PCR optimizations were performed with DNA extracted from 10 ml EDTA venous whole blood from three samples using the Blood Maxi Kit (Qiagen, Hilden, Germany) and quantified by real-time quantitative PCR . Blood samples either derived from one individual sampled within this study under written informed consent (approved by the ethics commission of the Medical University of Innsbruck under study number 1086/2017) or were purchased from Biotrend (Köln, Germany). Bisulfite conversion was performed with 200 ng extracted DNA using the Premium Bisulfite Kit (Diagenode, Ougrée, Belgium) according to the manufacturer’s protocol. An additional dry spin before elution was performed to prevent ethanol carry-over into the PCR. A total of 2 μl converted DNA was used for primer tests with the Multiplex PCR Kit (Qiagen) in 25 μl assay volume. Annealing temperature gradient PCRs were performed to optimise the singleplex reactions to test primers targeting ASPA, PDE4C and EDARADD as well as with the entire multiplex system. Post-PCR purification was performed with 1.5X volume of AMPure XP beads (Beckman Coulter, Brea, California, USA) and 15 μl low TE (10 mM Tris, 0.1 mM EDTA, pH 8) were used for elution. PCR products were evaluated for amplicon yield and size on the Bioanalyzer using the DNA 1000 Kit (both Agilent Technologies, Santa Clara, CA, USA). The final multiplex PCRs were carried out using the thermocycler steps: initial denaturation at 95° C for 15 min; 38 cycles of 95° C for 10 s, 57° C for 30 s, 72° C for 30 s; final elongation at 72° C for 10 min.

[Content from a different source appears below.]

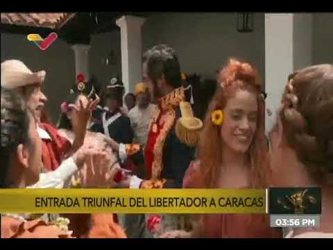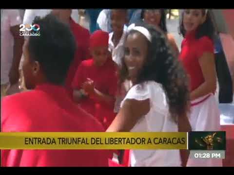 Los venezolanos celebraron este martes la entrada triunfal, hace 200 años, del Libertador Simón Bolívar a Caracas, después de siete años de ausencia, y luego de haber sellado su triunfo en la Batalla de Carabobo. Para conmemorar este magno acontecimiento, el Gobierno Nacional realizó un acto simbólico, que representó la llegada del Padre de la Patria a su ciudad natal, por la parroquia Macarao, donde el Libertador fue recibido por el pueblo bolivariano visiblemente emocionado.

PCR products were also assessed with Sanger sequencing to verify all amplicons before massively parallel sequencing as described in . In brief, reactions were carried out using BigDye Terminator v1.1 Cycle Sequencing kit (Thermo Fisher Scientific - TFS, Waltham, MA, USA) in 10 μl reaction volumes and 0.3 μM primer (listed in Table 1). The thermal cycling comprised steps: 96° C for 1 min; 25 cycles of 95° C for 15 s, 50° C for 5 s and 60° C for 4 min. Cycle sequencing products were purified using centrifugation over Sephadex G-100 columns (Amersham, Little Chalfont, UK). Electrophoresis of sequencing products was performed on an ABI3500 instrument (TFS) using standard settings. Raw sequences were analysed with the Sequencer 5.1 (Gene Codes Corporation, Ann Arbor, MI, USA) software and assembled with an in-house prepared reference (bisuflite converted reference for targeted amplicons).

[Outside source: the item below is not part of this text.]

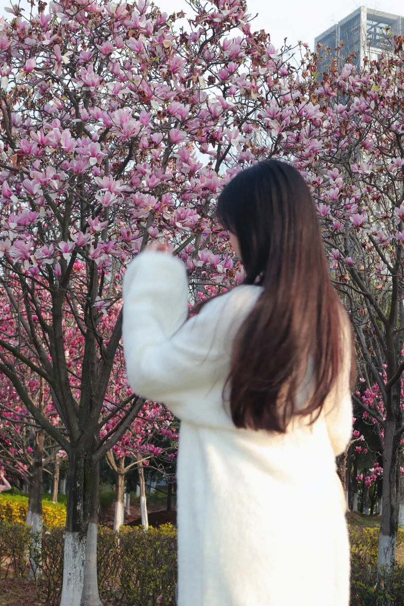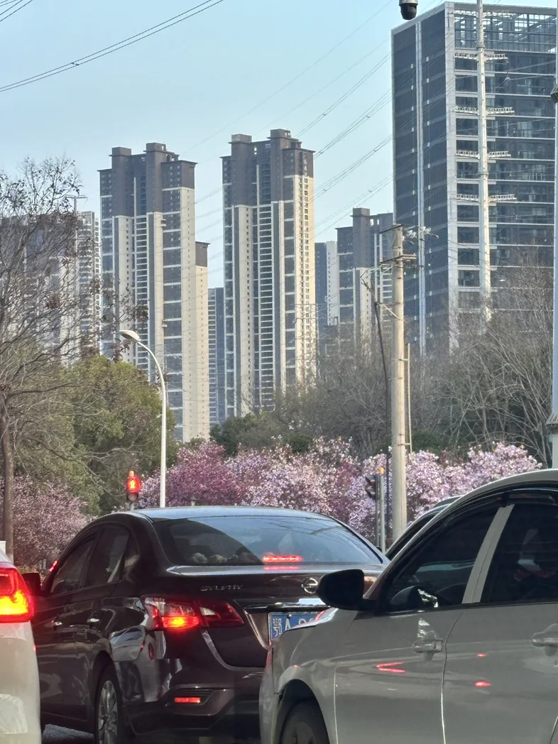 所幸回家路上看到了一小片花林!🌷还没有人,于是我们把车悄咪咪停在路边,下车去拍花🚗

Massively parallel sequencing and data analysis
All PCR products were quantified using the Qubit dsDNA HS Assay Kit (TFS) for library preparation. All protocol steps were performed in half volume with 50 ng purified PCR products using the KAPA Hyper Prep Kit with KAPA Library Amplification Primer Mix and KAPA SI Adapter Kit Set A+B at 15 μM (all Roche, Basel, Switzerland), following the manufacturer’s instructions. Post-ligation and post-amplification clean-ups were performed with 0.8X and 1X AMPure XP beads, respectively. Libraries were amplified with 5 PCR cycles. Purified libraries were quantified with the KAPA Library Quantification Complete kit (Roche) and evaluated using the DNA 1000 Kit on the Bioanalyzer. For sequencing, libraries (N = 24 per run) were pooled equimolarly (4 nM) and processed according to the MiSeq System Denature and Dilute Libraries Guide, Protocol A (Document #15039740 v10; Illumina, San Diego, CA, USA). All libraries were diluted to 7 pM and spiked with 2 μl 20 pM PhiX control v3. For assay optimization, sequencing was performed with the MiSeq Reagent Kit v2 2x 150 cycles or the MiSeq Reagent Kit v3 2x 200 cycles (both Verogen, San Diego, CA, USA).

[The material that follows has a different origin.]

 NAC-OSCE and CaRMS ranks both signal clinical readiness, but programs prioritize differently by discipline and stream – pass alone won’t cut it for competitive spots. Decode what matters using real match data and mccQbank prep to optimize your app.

Assay re-optimization (final design)
In order to balance amplicon yields, PDE4C primers were tested at increasing concentrations (0.4 μM, 0.6 μM, 0.8 μM, 1 μM). Multiplex PCR was performed with 8 μl eluate from bisulfite conversion of 200 ng DNA, followed by library preparation according to the protocol described above. Final libraries were evaluated on the Bioanalyzer using the DNA 1000 Kit (Supplementary Figure 2). The newly optimized multiplex PCR was tested using the MiSeq Reagent v3 kit, which allows for longer read lengths (v3: 600 cycles versus v2: 300 cycles) and provides higher output (v3: 13.2 to 15 GB versus v2: 4.5 to 5.1 GB).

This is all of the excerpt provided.